The eldest son of James Sydserf, an Edinburgh merchant, Sydserf graduated from the University of Edinburgh in 1602 before travelling to continental Europe to study at the University of Heidelberg. After returning to Scotland, he entered the ministry, beginning at St Giles' parish, Edinburgh in 1611. 15 years later, in January 1626, he was translated to Trinity College Kirk, Edinburgh, before being promoted to Dean of Edinburgh on 19 February 1634 (based at St Giles Cathedral).
However, in the same year, and on the recommendation of William Laud, Archbishop of Canterbury, he ascended to episcopal rank, receiving consecration as Bishop of Brechin on 29 July. In the following year, on 30 August 1635, he was translated as Bishop of Galloway.
Sydserf was very much a royalist, pro-Episcopacy, and inclined to be highly sympathetic towards Arminianism. These views brought him much conflict in Scotland, and as Bishop of Galloway, he exercised his episcopal powers against his ideological opponents. He supported the introduction in 1637 of an English-style Book of Common Prayer, and for this, he was attacked on several occasions by mobs in Falkirk, Dalkeith and Edinburgh. Some went further and accused him of being a Roman Catholic: he was alleged to wear a crucifix. He was finally deposed by the General Assembly of the Scottish church on 13 December 1638.

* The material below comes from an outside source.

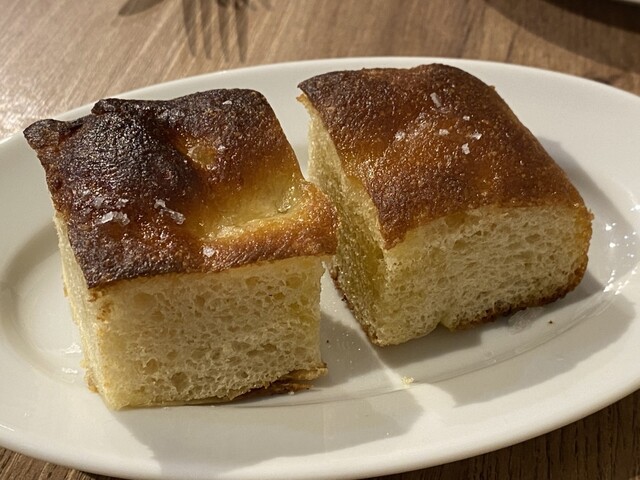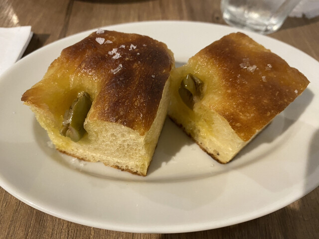お通しのフォッカッチャ(リベイクされてカリッとしてる)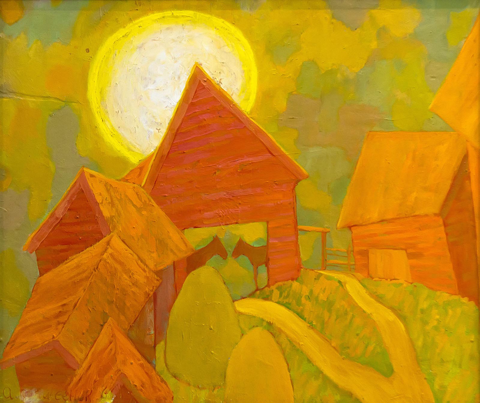 Фото №210613. Аникеенок А.А. 1925 - 1984 ИЗБЫ С КОНЮШНЕЙ. 1966 Картон, масло

Sydserf thereafter went to England, briefly becoming a follower of King Charles I, before moving to continental Europe. He returned to Scotland, and after the Restoration and reimposition of Episcopacy in Scotland, was reinstated as a bishop, though on this occasion becoming Bishop of Orkney. He was the only pre-1638 bishop to be reinstated as a bishop in Scotland after the Restoration. He lobbied hard to be made Primate of Scotland but without success. His willingness to ordain as a clergyman anyone who asked him attracted much criticism, a fact recorded by Samuel Pepys in his famous diary.

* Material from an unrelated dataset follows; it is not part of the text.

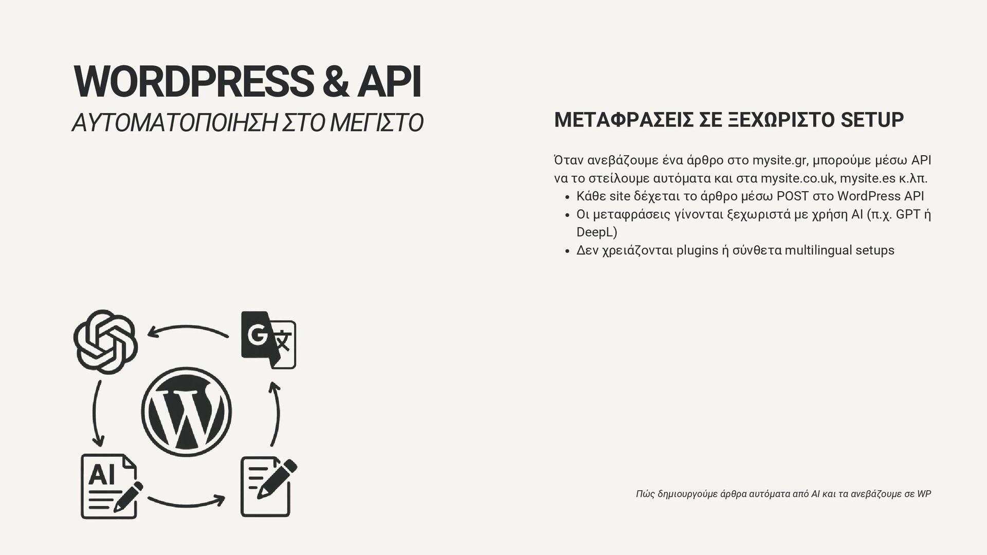 άρθρο στο mysite.gr, μπορούμε μέσω API να το στείλουμε αυτόματα και στα mysite.co.uk, mysite.es κ.λπ. Κάθε site δέχεται το άρθρο μέσω POST στο WordPress API Οι μεταφράσεις γίνονται ξεχωριστά με χρήση AI (π.χ. GPT ή DeepL) Δεν χρειάζονται plugins ή σύνθετα multilingual setups Πώς δημιουργούμε άρθρα αυτόματα από AI και τα ανεβάζουμε σε WP WORDPRESS & API

Sydserf died in Edinburgh on 29 September 1663 and is buried in Greyfriars Churchyard (location unknown).
Sydserf was responsible for remodelling the nave of Whithorn Priory in line with the new styles of worship he tried to promote.
Although not formally a member of the Hartlib Circle, he was on friendly terms with some of its members including Arnold Boate, who dedicated to Sydserf his memoir of his wife Margaret Dongan. Their friendship was apparently not affected by Boate's closeness to Oliver Cromwell, for whom he is said to have acted as a spy.
In 1624 he married Rachel Byers, the daughter of an Edinburgh magistrate: they had four sons and four daughters, including Thomas junior, a popular dramatist and journalist.